I left a point out in my writeup that I probably should have included. TrueSkill, and likely SC2's ladder, have a factor based off the time since your last game that increases the player's uncertainty level (sigma) by an amount related to that. Even if you're playing games back to back this factor will have a minimum value that will still increase sigma. This allows the system to adapt to a player whose skill increases over time.
QuestionsSome of these have answers. Some are open questions. You can add on; I will answer them as best I can.
Q: So what’s the deal with people stuck in Platinum who can’t get promoted to Diamond despite clearly belonging there?
A: Short answer? It’s a bug. Longer answer: a lot of people have suggested that the system requires you to lose in order to build its confidence factor. This is almost certainly incorrect. The system in theory learns enough about you from your wins to promote you. Intuitively, if your record is 60-5 against diamond players, you ought to be in Diamond. The TrueSkill system can determine this, and I would be dollars to donuts that Blizzard’s system can too, as designed anyways. Implementation may have introduced bugs that certain players hit under certain conditions. We don’t have enough evidence to flat out state that the system requires you to lose. It may be a workaround to the bug, however.
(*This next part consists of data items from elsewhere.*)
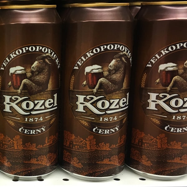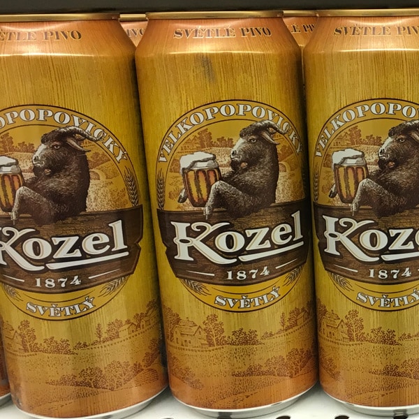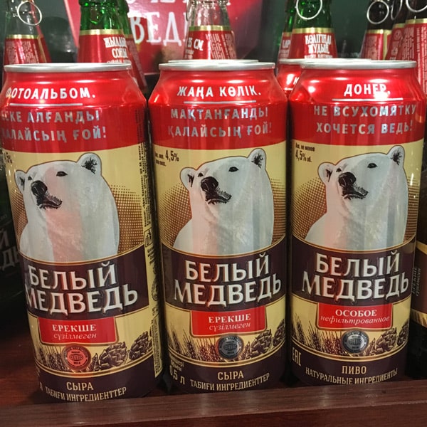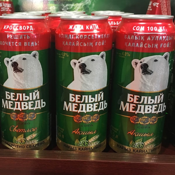 Deux constats majeurs : les grands formats type 50 cl sont très répandus et les boîtes sont très russophonesAu rayon bières, deux marques ont retenu notre attention. L’une ornée de la tête d’un ours blanc, l’autre, signée Kozel, d’origine tchèque, dont l’emblème est un bélier. A noter pour cette dernière la finesse du design déjà évoqué ici.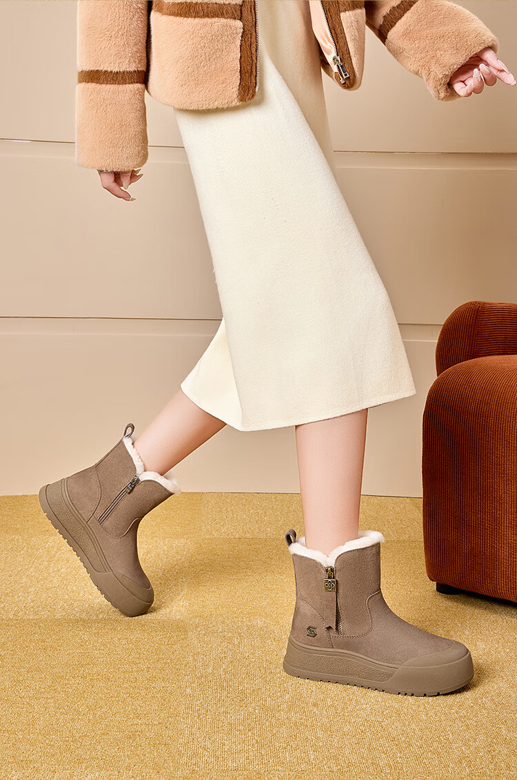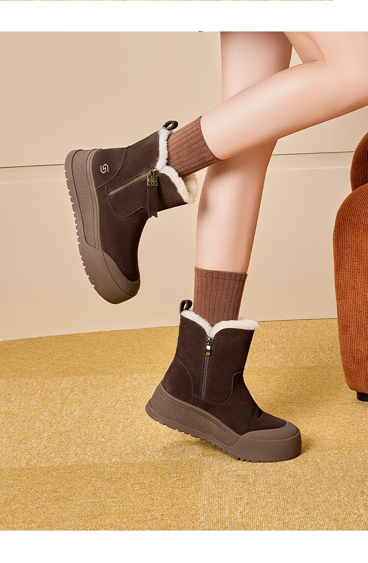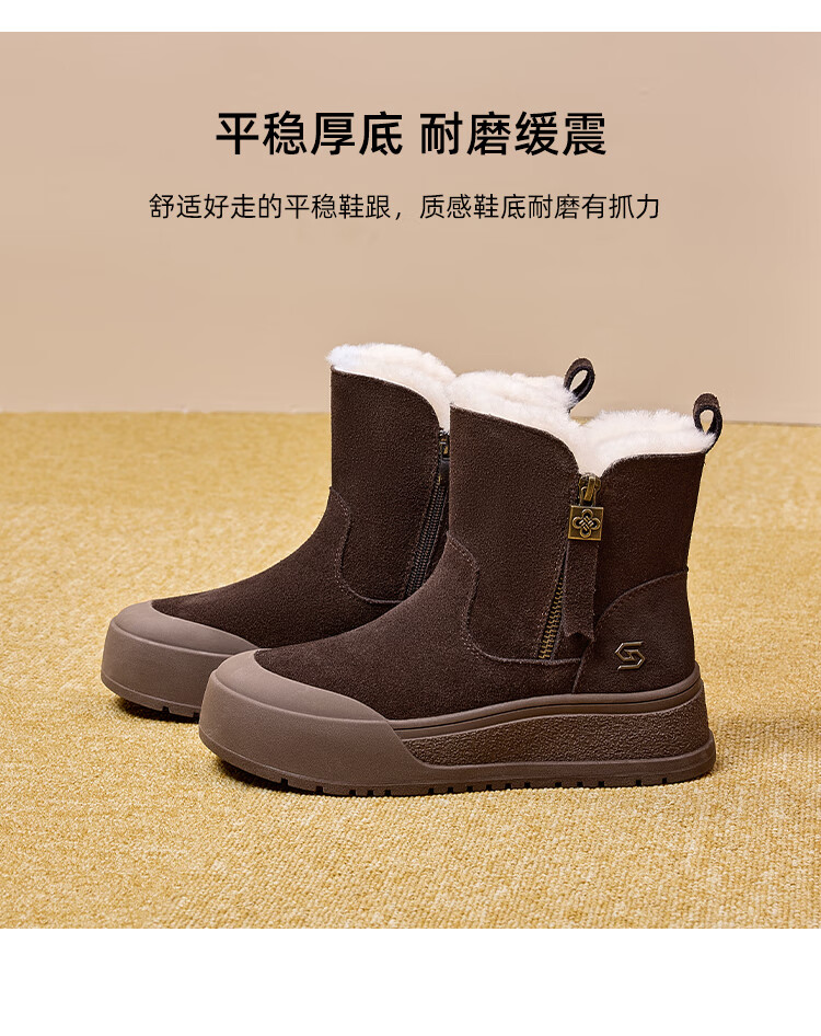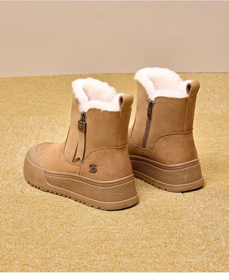 星期六真皮厚底雪地靴女鞋2025新款冬季加绒加厚短筒靴防滑保暖东北棉鞋 驼色 【真皮加绒】跟高4.5cm 38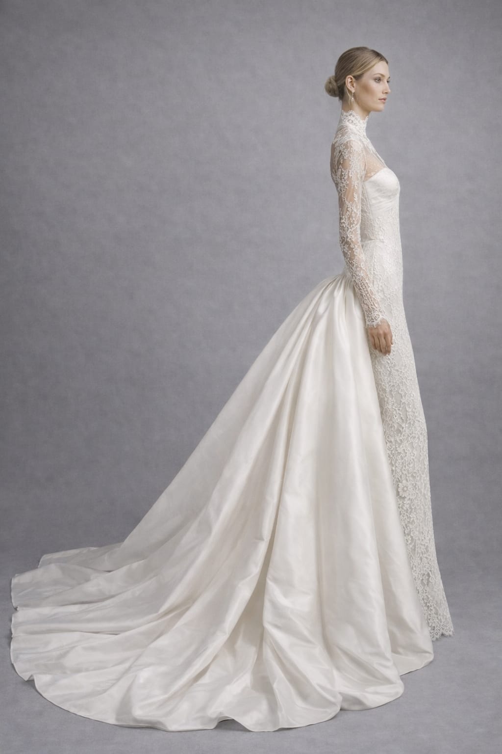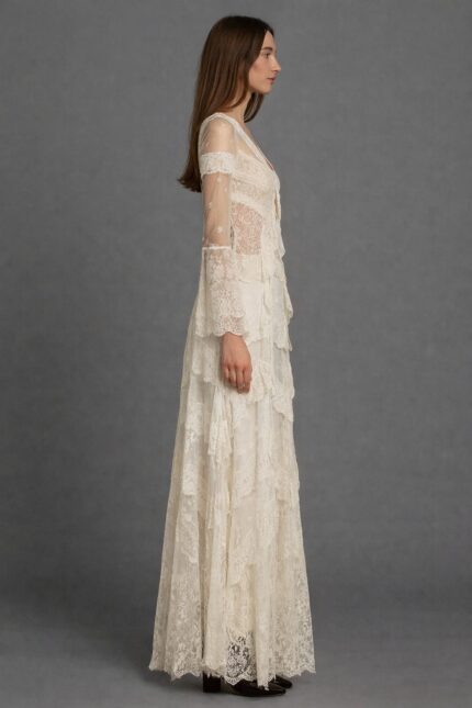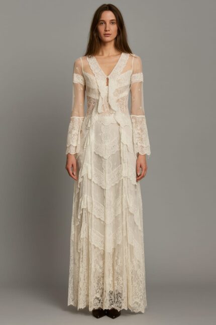 Vestido largo de encaje marfil de silueta estilizada, con delicado cuello alto y mangas largas transparentes que aportan un aire romántico y sofisticado. Un diseño refinado y atemporal que combina elegancia clásica con detalles sutiles, ideal para una ocasión verdaderamente especial.

One possible explanation is that the moving average lags so far behind that more games are required in order to cross the promotion threshold. It's also possible that the bug prevents the moving average from changing.
Q: So how do bonus points affect the display rating changes? If the displayed rating change is based upon the comparison of the opponent's MMR with the player's displayed rating + the player's league cutoff, then wouldn't bonus points inflate the displayed rating and cause problems?
A: I'm not sure how they account for this. One possibility is they keep track of bonus points that make up your displayed rating, and ignore them when performing the calculation in the back-end.
Excal: It seems more likely that the bonus pool is only used to increase the displayed rating for division ranking purposes and ignored in back-end calculation because the bonus pool increases at the same rate for all players. This introduces a constant that is easily discarded when assessing actual skill within the system. Furthermore, if bonus points were considered in the process of point calculation, it would present an unfair advantage for players who have not yet used up their bonus pool (because their rating is therefore inflated giving them more to lose).
Q: Would it take longer to get promoted if you've played lots of games? Assuming someone played a large amount of games (say 100 with a 50% win/loss ratio). If he were to start winning 70% of his games, would it be harder for him to get promoted than someone with similar percentages but fewer games played?
A: It would take longer, yes. The moving average trails behind sharp increases in skill.